On the detail of the clause, the technical note for proposed new section 1305A was helpful, particularly at paragraphs 8 and 9. I will not repeat exactly what they say, but the Minister will note that their wording is fairly broad and much broader than the wording that we have seen for tax avoidance measures more generally. The former lawyer in me sees a number of immediate challenges to the scope of the proposed new section. A number of the technical specialists who have looked at the technical note and how the section might be implemented have also raised concerns about the wording. As I said earlier, I hope that we will get some guidance from HMRC about how the section will be implemented and interpreted. I hope that the Minister can provide some more detail on that. At the moment, discussions are continuing with tax specialists and HMRC, but the process is not immediately clear. I should be grateful if the Minister explained when we will get that guidance and whether it will cover interpretation, given how broad the wording is at the moment.
We support measures to clamp down on profit shifting. It is a difficult area to deal with and there has been a lot of action on the international front in this regard, particularly from the OECD, which was called on by G20 Finance Ministers in 2012 to consider how to deal with the problem of base erosion and profit shifting. In February 2013, the OECD presented its report to the G20 Finance Ministers and an action plan to deal with amendments and changes to international tax rules was requested, to combat base erosion and profit shifting. That plan was endorsed in 2013.
Perhaps the Minister could help us understand how the Government regard the clause’s sitting alongside that OECD BEPS process, because the OECD will consider some relevant issues in its action plan. I believe that the timeline for the relevant action points that touch on issues raised in the clause is September 2014, which is when the OECD expects to give its report.
Obviously, the Government have moved a bit further and more quickly than the OECD BEPS process. Does the Minister expect further changes to this measure and attempts to combat profit shifting, beyond what we see already in the clause? How confident is she that the clause will be compliant with what will come out of the OECD BEPS process and that additional amendments will not be needed?
There is also an issue in relation to the GAAR—the general anti-abuse rule that came into force on 17 July 2013, which is part of a Government approach to managing the risk of tax avoidance. Looking at the detail of the clause, I was struck by the possibility that the GAAR could have been used instead of the clause. I am not clear why the Government did not feel able to rely on the provisions in the GAAR, rather than introducing the clause. It would help if the Minister explained the Government’s thinking about why profit shifting and the tax avoidance as a result thereof, as dealt with in the clause, could not have come within the scope of the GAAR. Given that we have not even had a court case yet in relation to the GAAR, that would help us to understand the Government’s thinking about how that will be implemented in a more practical way.

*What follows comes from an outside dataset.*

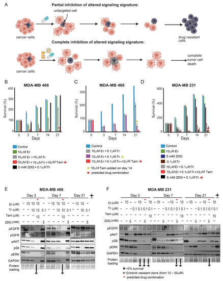 To validate the PaSSS-based strategy, we selected two TNBC cell lines—MDA-MB-468 and MDA-MB-231 from the dataset of 10 different cell lines (Methods), PaSSSs of which were computed previously [18]. These cell lines represent the patient-derived TNBC subset from the TCGA dataset described above: the PaSSS of MDA-MB-468 included EGFR and estrogen receptor, ER, as central targets, thereby corresponding to ~31% TNBC tissues in the TCGA breast cancer subset (Figure 2A,B). MEK/ERK was suggested as an additional central target required for the efficient treatment of MDA-MB-468 cells ([18] and Figure 2A,B). Thus, we predicted that Erlotinib (anti-EGFR), Trametinib (anti -MEK/ERK) and Tamoxifen (Anti-ER; Er + Tr + Tam) should efficiently target the PaSSS of MDA-MB-468 malignancy. MDA-MD-231 cell line did not include EGFR as a part of its PaSSS, similarly to 69% of the TNBC patient-derived tissues. The suggested therapy for MDA-MB-231 cells included Trametinib and the glycolysis inhibitor 2-deoxyglucose (2DG) (Tr + 2DG) (Figure 2C,D and [18]).

There remains an issue in relation to resources at HMRC. I should be grateful if the Minister explained where the experts who deal with this type of tax-avoiding behaviour sit within the wider HMRC framework. I assume that they might be connected to the large business service, but they might sit in a different team. It would help to know how many people are allocated to looking at this type of work, so that we can understand how busy they might be when the clause comes into effect.
In the technical note, HMRC concludes that a number of different financing structures may or may not fall under the clause, excepting cases where there is a tax-avoidance purpose. I am sure that when the lawyers get hold of the measure when the Bill becomes the Finance Act 2014, they will have a lot of fun with it. I should be interested to know how, at this point, HMRC intends to define that tax-avoidance purpose.
Finally, I have a couple of questions that have helpfully come from various taxation specialists connected to the Chartered Institute of Taxation. They raise an important point in relation to charities and the fact that the legislation seems to catch the normal transfer of profits into genuine charities from their trading subsidiaries. Can the Minister confirm whether those long-accepted transactions will be exempted from the clause?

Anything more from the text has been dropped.